O dia seguinte
Então, as torres caíram. Na época, escrevi um artigo bem intencionado, que hoje me parece otimista demais, intitulado "Hoje sou americano, hoje sou muçulmano". Por coincidência, no mesmo dia o Le Monde estampou em sua primeira página a manchete "Hoje somos todos americanos". Contudo, as chuvas de bombas que cairam posteriormente no Afeganistão e no Iraque tornaram muito difícil nos solidarizarmos com os norte-americanos. Da mesma forma, as freqüentes ameaças da Al-Qaeda e o atentado ao metrô de Londres tornaram muito difícil nos solidarizarmos com os radicais islâmicos. Hoje, de ambos os lados do Atlântico, todos são terroristas.
No dia seguinte ao 11 de setembro, as bolsas de valores caíram, a economia entrou em recessão, o leilão de privatização da Copel (Companhia Paranaense de Energia, única empresa energética posta à venda e não vendida) resultou vazio. Mais tarde, algum paranaense ilustre mencionou que "foi um ato de Deus que impediu a privatização". Estranho Deus esse, que condena milhares de pessoas à morte com o objetivo de garantir o emprego de outras milhares. Não foi assim que me ensinaram no catecismo!

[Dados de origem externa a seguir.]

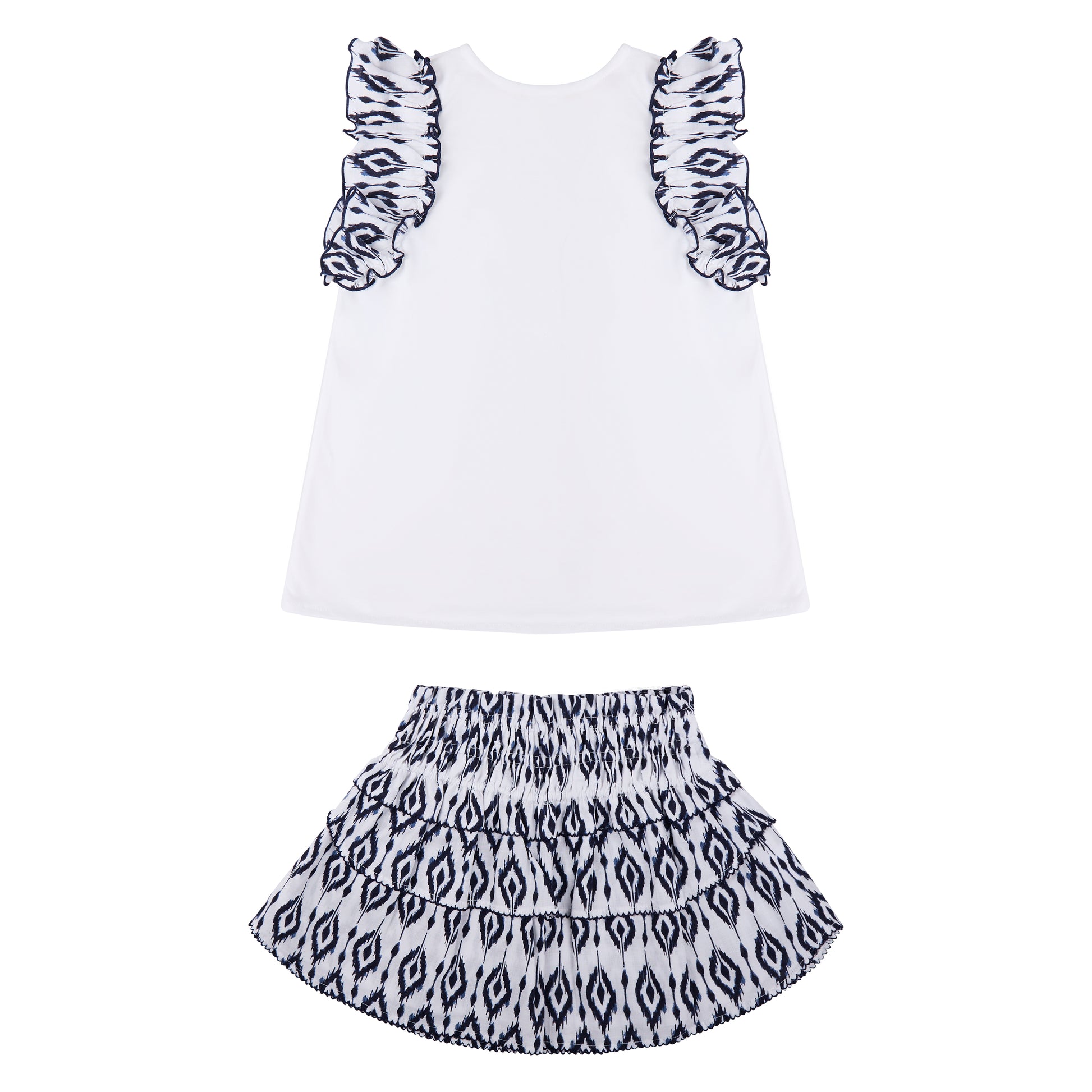 Conjunto blusa blanca de tejido de punto con olanes en estampado de rombos azul marino a juego con falda de olanes con cintura elástica.

O mundo após o 11 de setembro é muito pior. Antes, tínhamos ao menos alguns chefes de estado ensaiando passos de estadistas. Tínhamos promessas e chances de integração entre as Américas e uma Organização Mundial do Comércio progressivamente liberal. Hoje, temos Chávez, Morales e Lula. Temos protecionismo e rodadas da OMC canceladas. Nos EUA, tínhamos um presidente eleito de maneira fraudulenta, sem apoio popular e sem nada a fazer a não ser se esconder nas moitas da Casa Branca, jogar golfe e esperar o fim do mandato. Hoje, temos um herói da luta contra o terrorismo, que deve estar repetindo até agora, para si mesmo, entre um prezzel e outro, "não contavam com a minha astúcia!".

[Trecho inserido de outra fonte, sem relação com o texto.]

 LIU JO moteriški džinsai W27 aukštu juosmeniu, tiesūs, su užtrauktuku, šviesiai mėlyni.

Após o 11 de setembro, coisas incríveis aconteceram. Vimos o país mais rico do mundo se lançar em guerra contra dois dos mais pobres, em busca do chefe da Al-Qaeda, que nunca foi encontrado, e de armas de destruição em massa, que nunca existiram. Vimos passageiros sendo revistados dos pés à cabeça antes de embarcarem em um avião, só para se sentarem calmamente e receberem facas e garfos metálicos para o jantar. Vimos a canção Imagine, de John Lennon, sendo banida das rádios e TVs norte-americanas, sob alegação de "letra questionável". A lista completa de canções banidas (ou "não recomendadas", para ser mais exato) indica o nível de neurose atingido após o ataque terrorista. Mas essa é uma era neurótica e não devemos nos espantar. Mesmo assim, se Yeshua e Muhammad (ou Jesus e Maomé) soubessem o que seria feito em nome deles, o primeiro teria voltado a martelar pregos e o segundo teria acabado seus dias como um comerciante anônimo na região de Meca.